An even greater advantage is that since the galvanic L meter is used for reading and recording, the device is inexpensive.

The present invention having the above configuration scans a color original image with a light beam, converts this into an electric signal using a measuring means, and modulates the intensity of the recording light beam with this electric signal. By processing the signals, it is possible to easily correct the hue, gradation, etc. of each part of the image to produce a good printed photograph.

Furthermore, since electrical signals can be converted by polarity conversion, even reversed glass films can be printed on color vapor in the same way as color negative films.

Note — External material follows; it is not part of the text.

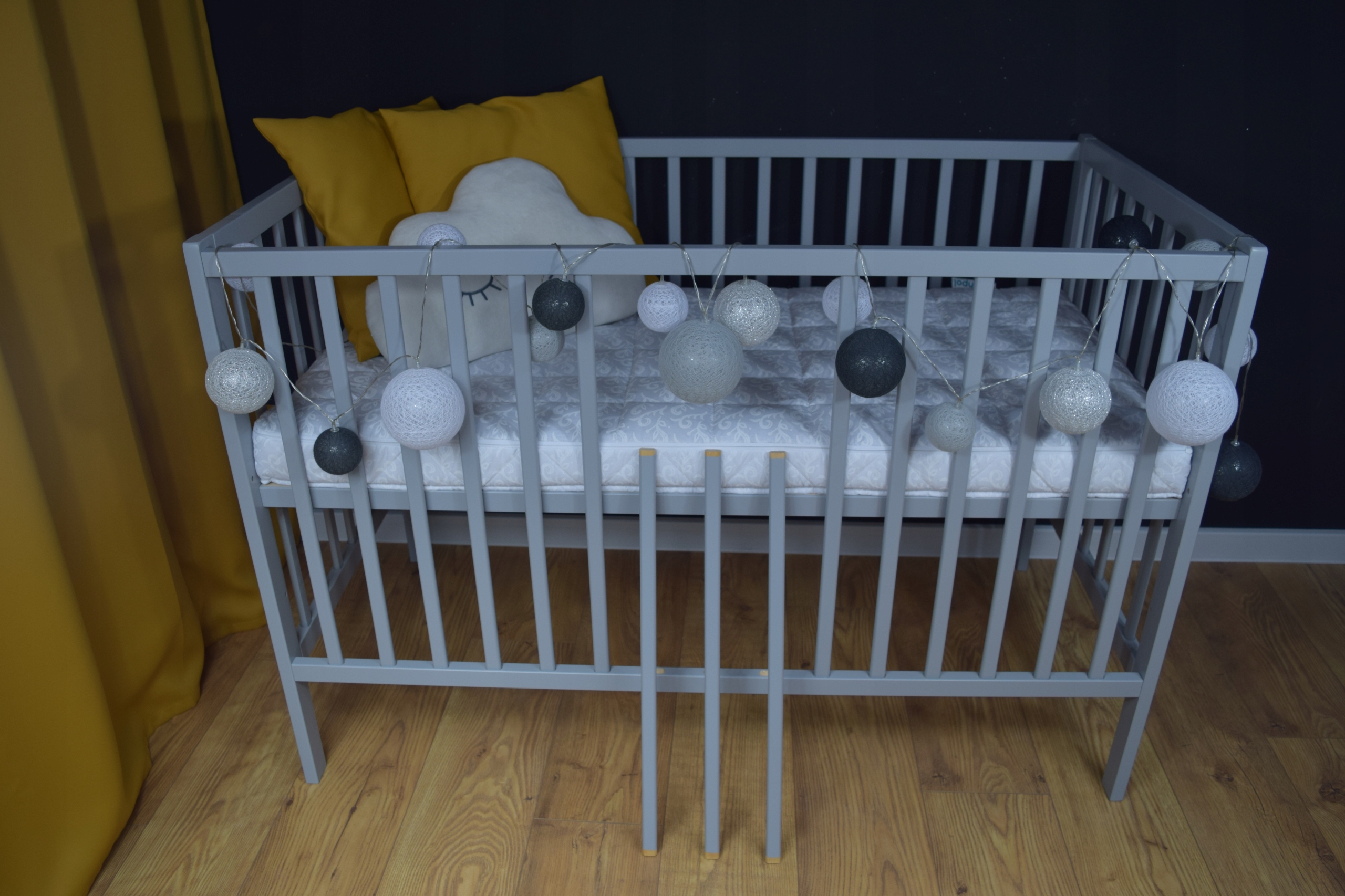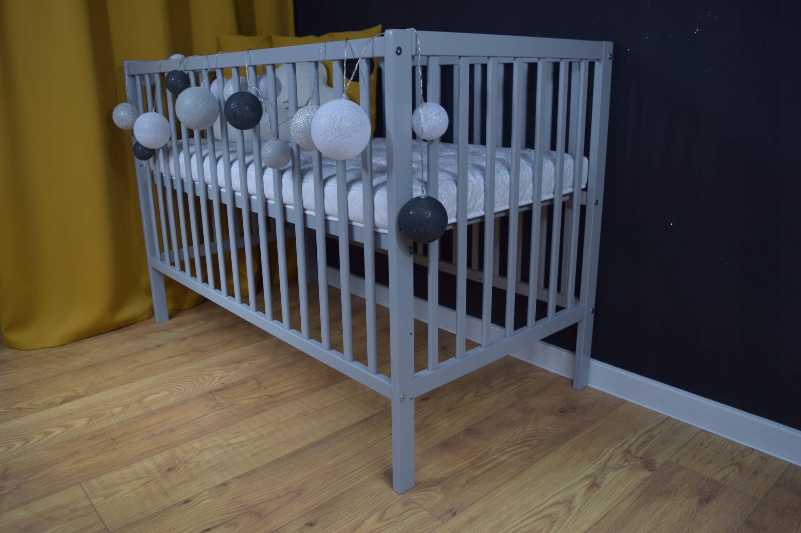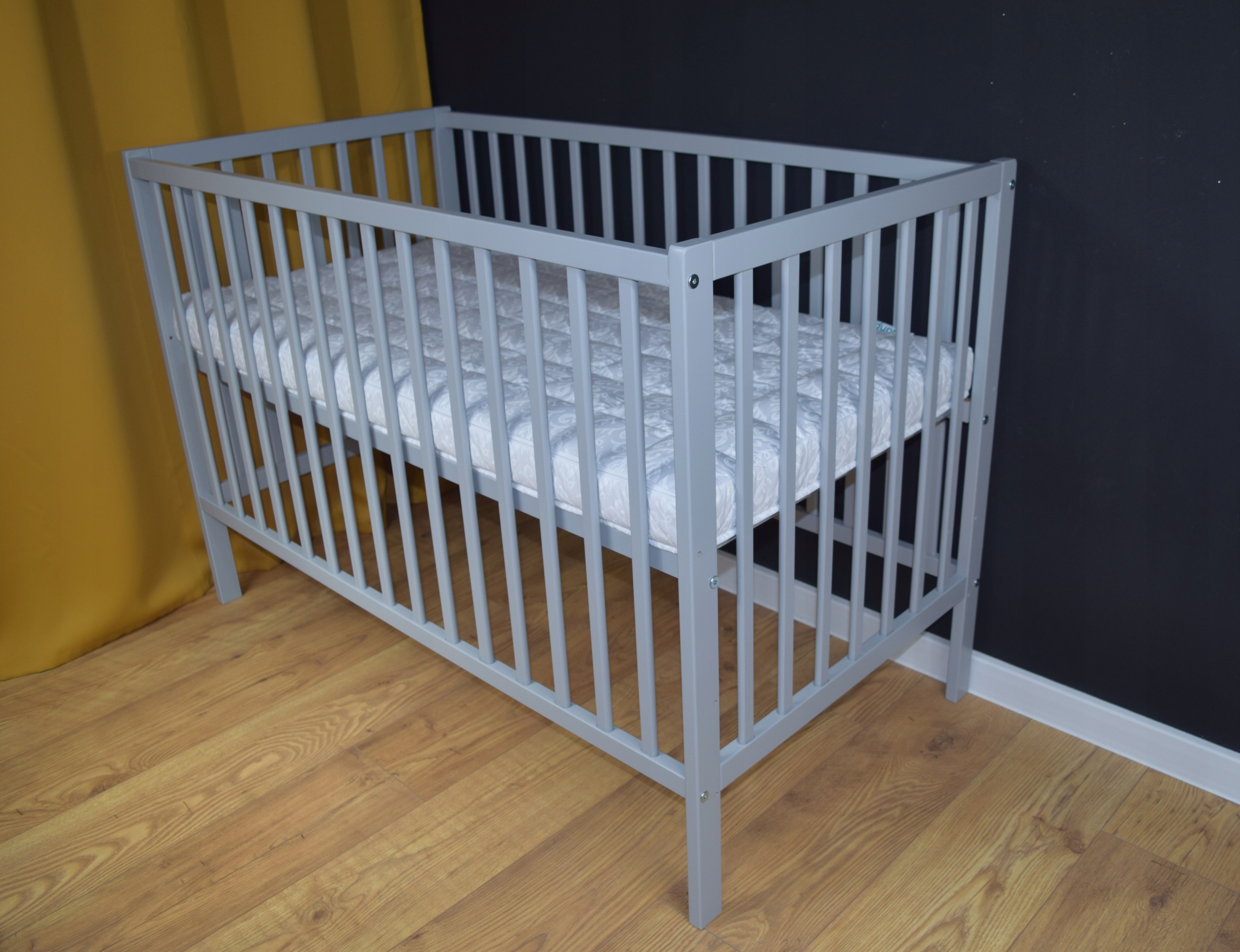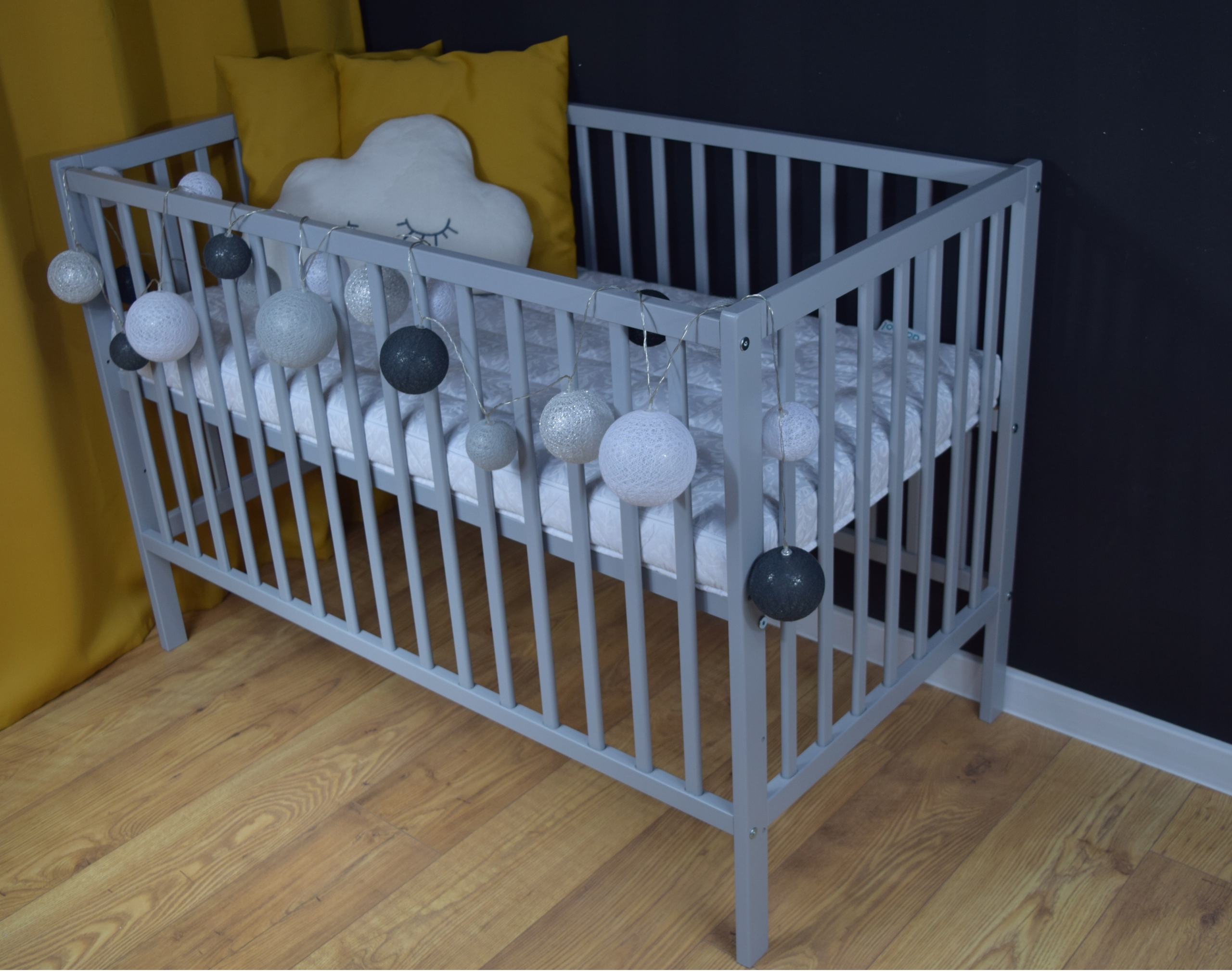 Łóżeczko magda szara b/sz + barierka

[Brief explanation of the drawing]

FIG. 1 is a block diagram schematically showing the apparatus of the present invention, and FIG. 2 is a perspective view showing an embodiment of the optical system of a color printer.

Claims (1)

[Scope of Claims] 1. A reading light beam generating means for generating a reading light beam, a deflection scanning means for deflecting the reading light beam to scan an image recorded on a color original, and a reading light beam that is transmitted through the color original. Measuring means that measures the three color light components of blue, green, and red of the reading light beam, and calculates the output signal from this measuring means so that the image recorded on color paper has the optimal hue and gradation. A correction means for correcting, a polarity switching means for switching the polarity of this correction means, three colors of blue, green, and red.
A recording light beam generating means for generating a recording light beam of colored light is arranged in the optical path of each of the three color recording light beams, and is arranged in the optical path of each of the three color recording light beams, and adjusts each recording light beam according to the color signal outputted from the correction means. A photographic color printer comprising a light modulating means for performing intensity modulation, and a deflection scanning means for deflecting the intensity-modulated three-color light to record an image on color paper. 2. The photographic color printer according to claim 1, wherein the reading light beam generating means and the recording light beam generating means are used in combination. 3. The reading deflection scanning means and the recording deflection scanning means are used together, and one surface of the mirror of the deflection scanning means deflects the reading light beam, and the other surface deflects the recording light beam. Claim 1 characterized in that
Color printer for photos as described in section.